Ceasefire in Gaza extended
Just hours before the end of the ceasefire in the Gaza war, initially scheduled to last four days, Israel and the Islamist Hamas agreed to an extension, according to Qatar. The ceasefire in effect since Friday will be extended for two days, Majid al-Ansari, spokesman for Qatar’s Foreign Ministry, said on Monday. Meanwhile, Israel has contacted relatives of the hostages who are expected to be released later in the evening.
Girl lying under her father’s body
The girl had to witness the murder of both her parents before being taken to the Gaza Strip. On October 7, the then three-year-old girl was at home, on the border with the Gaza Strip, with her two brothers, aged ten and six, when Hamas terrorists invaded and shot her mother in front of the three. children.
As her father lay protectively over his daughter, he was also shot, US media reported. Her brothers survived because they hid in a box, where they waited 14 hours before being rescued, she said.
Her younger sister, who was initially thought to be dead, climbed out from under her father’s body and ran to a neighbor’s house, the Washington Post said, citing a relative of the girl. The terrorists grabbed the girl along with the five neighboring family members and kidnapped them. The girl completed four years in captivity on Friday.
First reports of hostages returning home
Meanwhile, there are reports in the Israeli media about the conditions in which those kidnapped had to live. According to some family members, their relatives were not mistreated during their captivity in the Gaza Strip. Hostage detention conditions were described as harsh. The media said people prepared their own food – some days there was no food at all.

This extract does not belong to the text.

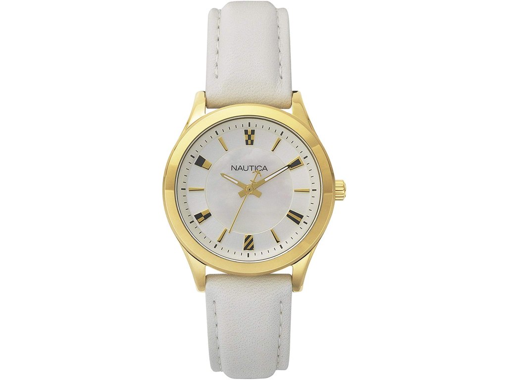 HODINKY NAUTICA WOMAN NAPVNC001 (36MM). Typ mechanizmu: QUARTZ. Displej: HODINKY: ANALOGICKÉ. Materiál puzdra: MATERIÁL PUZDRA: OCEĽ. Farba puzdra: FARBA PUZDRA: ZLATÁ. Materiál náramku: MATERIÁL NÁRAMKU: KOŽA. Farba náramku: FARBA NÁRAMKU: BIELA. Farba ciferníka: BIELA. Typ skla: SKLÍČKO: MINERÁLNE. Kľučka: BUCKLE. Priemer ciferníka: dĹŽKA CIFERNÍKA: 36MM. Ponorný: 5ATM

It is said that there were problems accessing the bathrooms. There were also no sun loungers or beds; people slept on benches or armchairs together. People were not always kept in underground rooms during their nearly seven weeks of captivity – and had to change location repeatedly. Guards sometimes allowed some of the hostages to listen to Israeli radio. Other hostages, on the other hand, were isolated from the outside world and clueless.
The head of the Islamist group Hamas in the Gaza Strip, Jihia al-Sinwar, reportedly visited Israeli hostages after they were kidnapped in the coastal strip. Israeli television reported this on Monday, citing a freed hostage. “You are safer here, nothing will happen to you,” he said. The report cannot be independently verified.
“Humiliating” prison conditions
As in previous days of exchanges between hostages and prisoners, many people took to the streets on Sunday night in the West Bank – where the prisoners will initially be returned – to greet the buses with the freed prisoners.
Conditions in the prisons were “humiliating”, Sarah al-Suwaisa, one of the 39 freed Palestinian prisoners, told the BBC. Pepper spray was used against prisoners and they were also locked in “dark rooms,” she said, without providing further information. The prisoners suffered from the cold.
USA: Probably not all hostages in Gaza are in the hands of Hamas
However, the US government assumes that not all hostages kidnapped in the Gaza Strip are held by Hamas. “We believe that not all of the hostages are in the hands of Hamas,” National Security Council communications director John Kirby said on US television on Monday morning (local time). It can be assumed that there are other groups holding some of the hostages.
Regarding a possible extension of the ceasefire to free more hostages against Israeli Palestinian prisoners, Kirby said that in order to do so, Hamas terrorists would also have to find and recover those hostages. Kirby did not provide several hostages that may be in the hands of other groups. CNN reported about 40 hostages, citing unnamed diplomatic sources.